Bitcoin has been attracting investors for years, from experts and professionals to those who are merely curious about the idea. With the cryptocurrency having performed extraordinarily well throughout 2020 though, it’s likely that there will be even more Bitcoin investors moving forward.

Because this is likely to be the case, we’re going to go over some of the sensible options people who wish to invest in Bitcoin have available to them.

1. Direct Bitcoin Trading

The simplest and most straightforward way to invest in Bitcoin is simply to buy and sell it directly. While it has taken some new investors time to get used to cryptocurrency exchanges and wallets, the process is ultimately quite simple. People can use their own money or other cryptocurrencies to purchase any quantity of Bitcoin they like from exchanges, and then hold that Bitcoin in a wallet until it’s time to sell. It is effectively a form of commodities trading, and one people can begin practicing with ease through an app or software program.

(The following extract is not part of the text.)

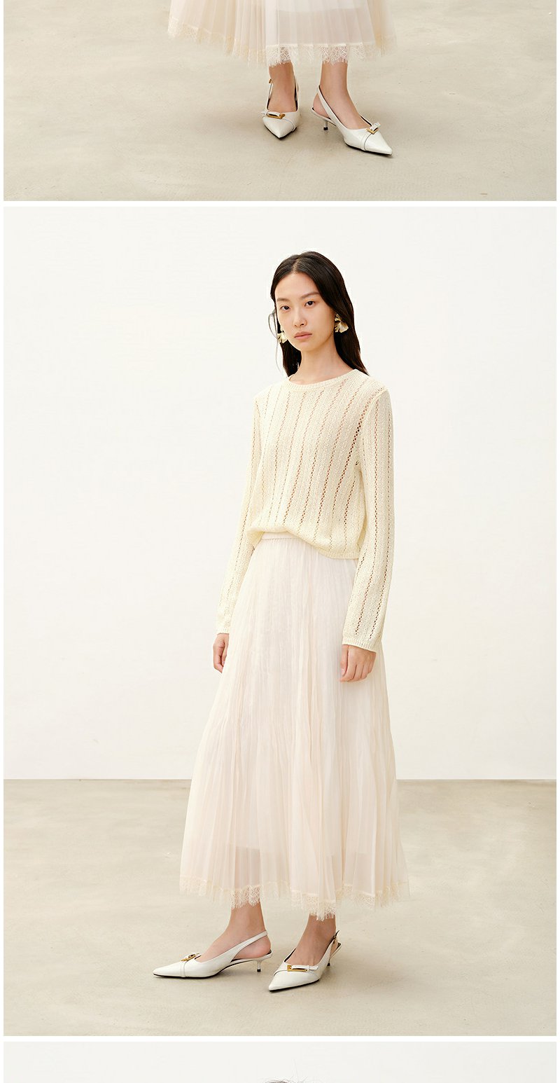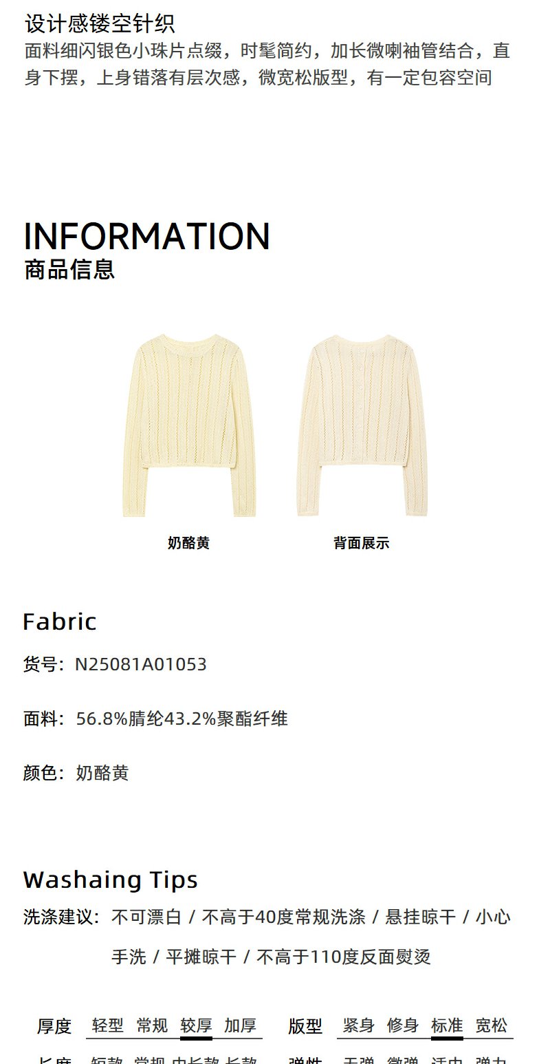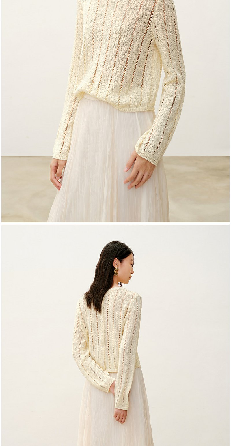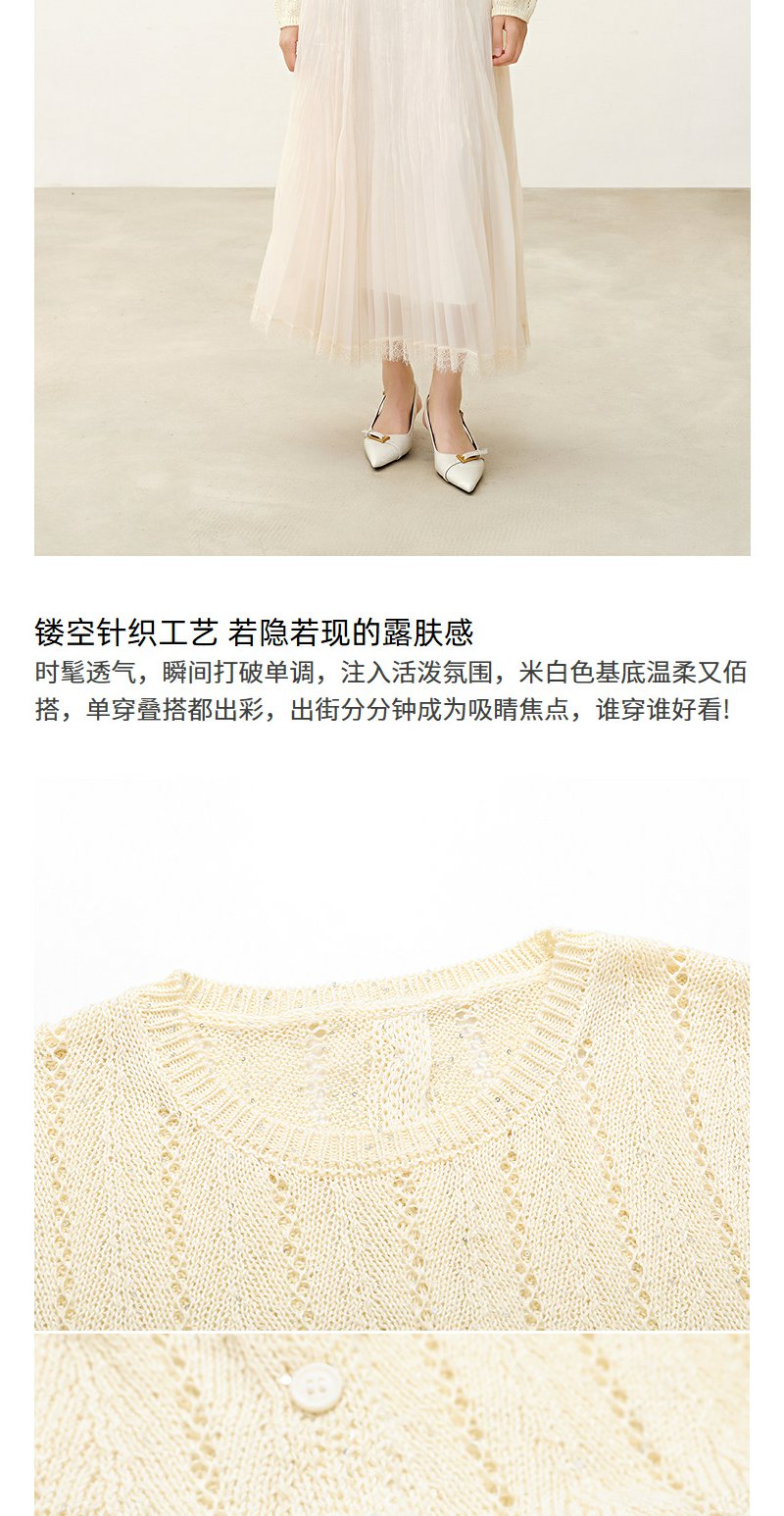 NEELLY纳俪商场同款秋季新款显白微暖镂空针织衫女宽松舒适上衣N25081A01053

2. Long-Term Bitcoin Investment

Another option building off of direct trading is to purchase Bitcoin with the intention of holding it for the long term. This essentially means that when Bitcoin goes up, you don’t necessarily have to sell it. With an asset that can swing $1,000 or more in value in very short time, there’s often a temptation for investors to sell and capitalize on trades. But long-term Bitcoin investment is popular as well, and many believe that buying Bitcoin and essentially forgetting about it — possibly even for years — may well pay off down the road.

3. Bitcoin CFDs

The process of CFD trading is something that’s more commonly associated with stock shares, or in some cases commodities. The way it works is simple: If an investor predicts that a stock will go up, he or she can create a contract to that effect. Then, if the stock has gone up at the end of the contract, the investor earns a return amounting to the difference between the end price and starting point. That more or less explains it (except that CFD trading can also work in the same way if there’s a prediction that an asset will lose value). And CFD trading is now available for cryptocurrencies like Bitcoin also. It’s an interesting method in that it allows investors to effectively trade Bitcoin without buying any.

4. Bitcoin Futures

Futures trading is a very similar option to CFDs, though strictly speaking it still involves the purchase of a resource. In futures trading, an investor agrees to purchase an asset — a stock, commodity, or in this case cryptocurrency — at a certain price, at a certain date. Given this sort of arrangement, if the asset’s price rises after the trade is set in stone, the investor effectively ends up being able to buy it at a reduced value, and then sell it for its new, higher price. Though purchases and sales are made in futures trading, this is still more or less a way to invest in Bitcoin without ever holding it for a significant length of time.

5. Blockchain Investment

Blockchain advancement does not directly reflect the price of Bitcoin, so this is an indirect option to say the least. But there are blockchain startups — some that have already established themselves and others that are emerging on a continual basis — that are in some cases investable. For the most part their success or failure depends on their own business. But the growth of some blockchain companies and technologies can at least loosely relate to broader cryptocurrency news, and for that reason this is an idea prospective Bitcoin investors may at least want to look into.